*Data shown*:
_ _ _ _ _ _ _

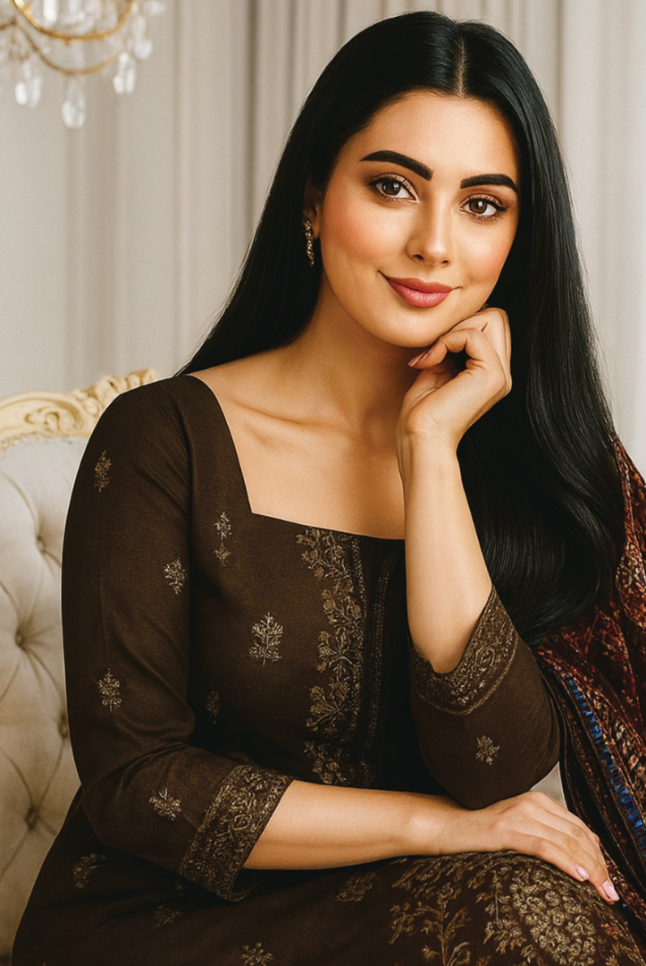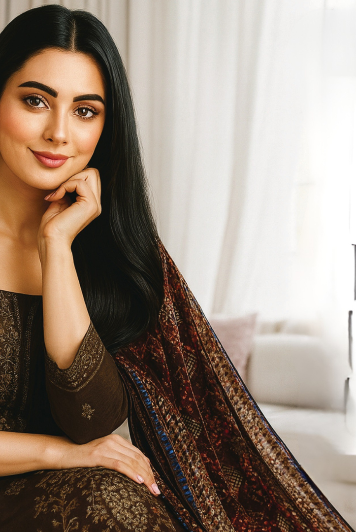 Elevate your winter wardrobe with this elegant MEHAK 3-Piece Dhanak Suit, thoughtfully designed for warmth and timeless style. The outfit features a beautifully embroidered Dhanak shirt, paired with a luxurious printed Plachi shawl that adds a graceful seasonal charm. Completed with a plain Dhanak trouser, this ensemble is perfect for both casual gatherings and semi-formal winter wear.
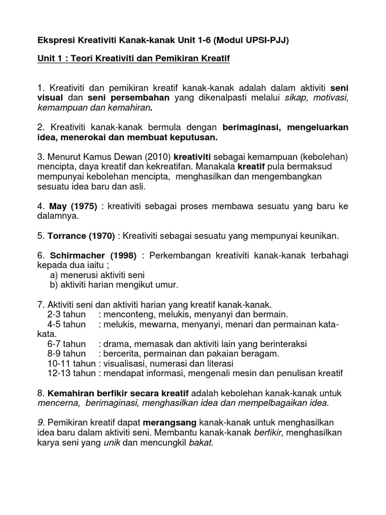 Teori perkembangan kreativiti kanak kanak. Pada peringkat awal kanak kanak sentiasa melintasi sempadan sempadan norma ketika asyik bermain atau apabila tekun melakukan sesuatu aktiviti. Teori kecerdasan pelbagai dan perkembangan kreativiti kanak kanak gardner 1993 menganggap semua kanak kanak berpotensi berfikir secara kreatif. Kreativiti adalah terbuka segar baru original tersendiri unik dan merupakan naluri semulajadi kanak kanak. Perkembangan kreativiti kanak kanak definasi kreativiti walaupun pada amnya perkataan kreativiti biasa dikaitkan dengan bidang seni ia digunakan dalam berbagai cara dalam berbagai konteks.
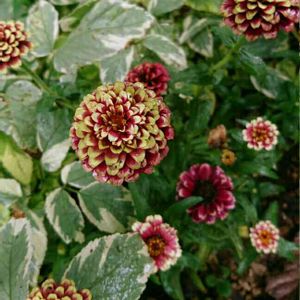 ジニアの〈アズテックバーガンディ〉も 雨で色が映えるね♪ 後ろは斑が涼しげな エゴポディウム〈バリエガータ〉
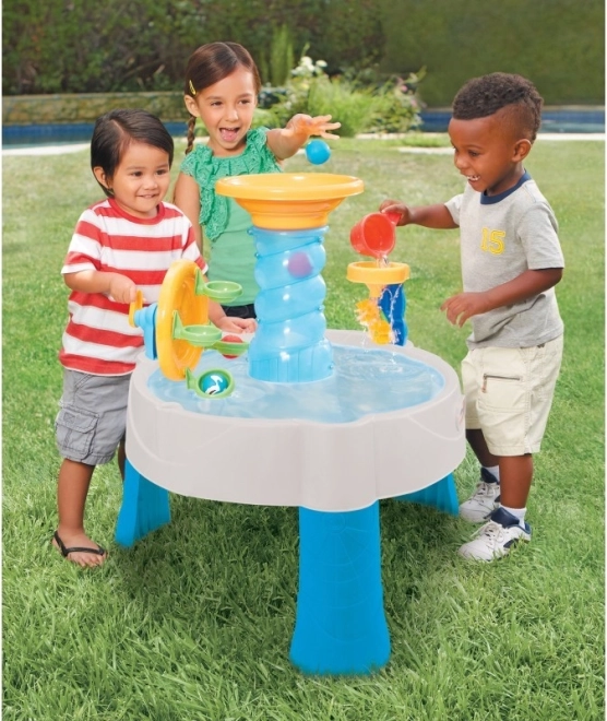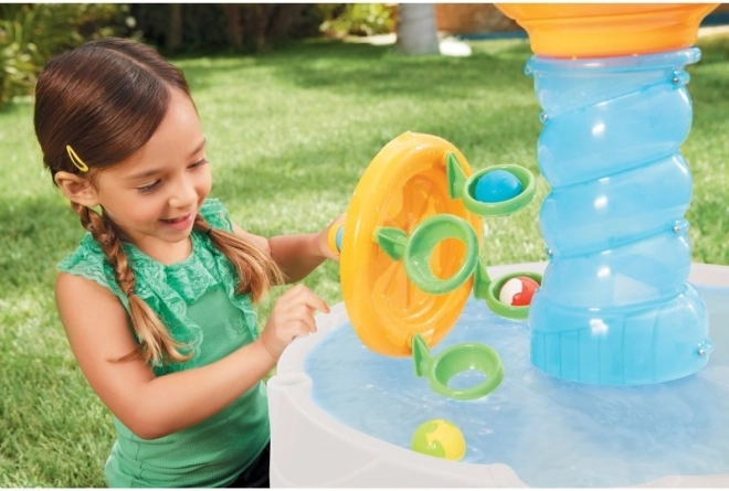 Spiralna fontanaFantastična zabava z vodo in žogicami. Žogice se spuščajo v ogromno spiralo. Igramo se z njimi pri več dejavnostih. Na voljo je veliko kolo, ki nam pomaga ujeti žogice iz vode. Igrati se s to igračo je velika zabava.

_ _ _ _ _ _ _

From the first line to the last, repeat the material exactly, but drop the pictures.

*Your solution*:
 Elevate your winter wardrobe with this elegant MEHAK 3-Piece Dhanak Suit, thoughtfully designed for warmth and timeless style. The outfit features a beautifully embroidered Dhanak shirt, paired with a luxurious printed Plachi shawl that adds a graceful seasonal charm. Completed with a plain Dhanak trouser, this ensemble is perfect for both casual gatherings and semi-formal winter wear.
 Teori perkembangan kreativiti kanak kanak. Pada peringkat awal kanak kanak sentiasa melintasi sempadan sempadan norma ketika asyik bermain atau apabila tekun melakukan sesuatu aktiviti. Teori kecerdasan pelbagai dan perkembangan kreativiti kanak kanak gardner 1993 menganggap semua kanak kanak berpotensi berfikir secara kreatif. Kreativiti adalah terbuka segar baru original tersendiri unik dan merupakan naluri semulajadi kanak kanak. Perkembangan kreativiti kanak kanak definasi kreativiti walaupun pada amnya perkataan kreativiti biasa dikaitkan dengan bidang seni ia digunakan dalam berbagai cara dalam berbagai konteks.
 ジニアの〈アズテックバーガンディ〉も 雨で色が映えるね♪ 後ろは斑が涼しげな エゴポディウム〈バリエガータ〉
 Spiralna fontanaFantastična zabava z vodo in žogicami. Žogice se spuščajo v ogromno spiralo. Igramo se z njimi pri več dejavnostih. Na voljo je veliko kolo, ki nam pomaga ujeti žogice iz vode. Igrati se s to igračo je velika zabava.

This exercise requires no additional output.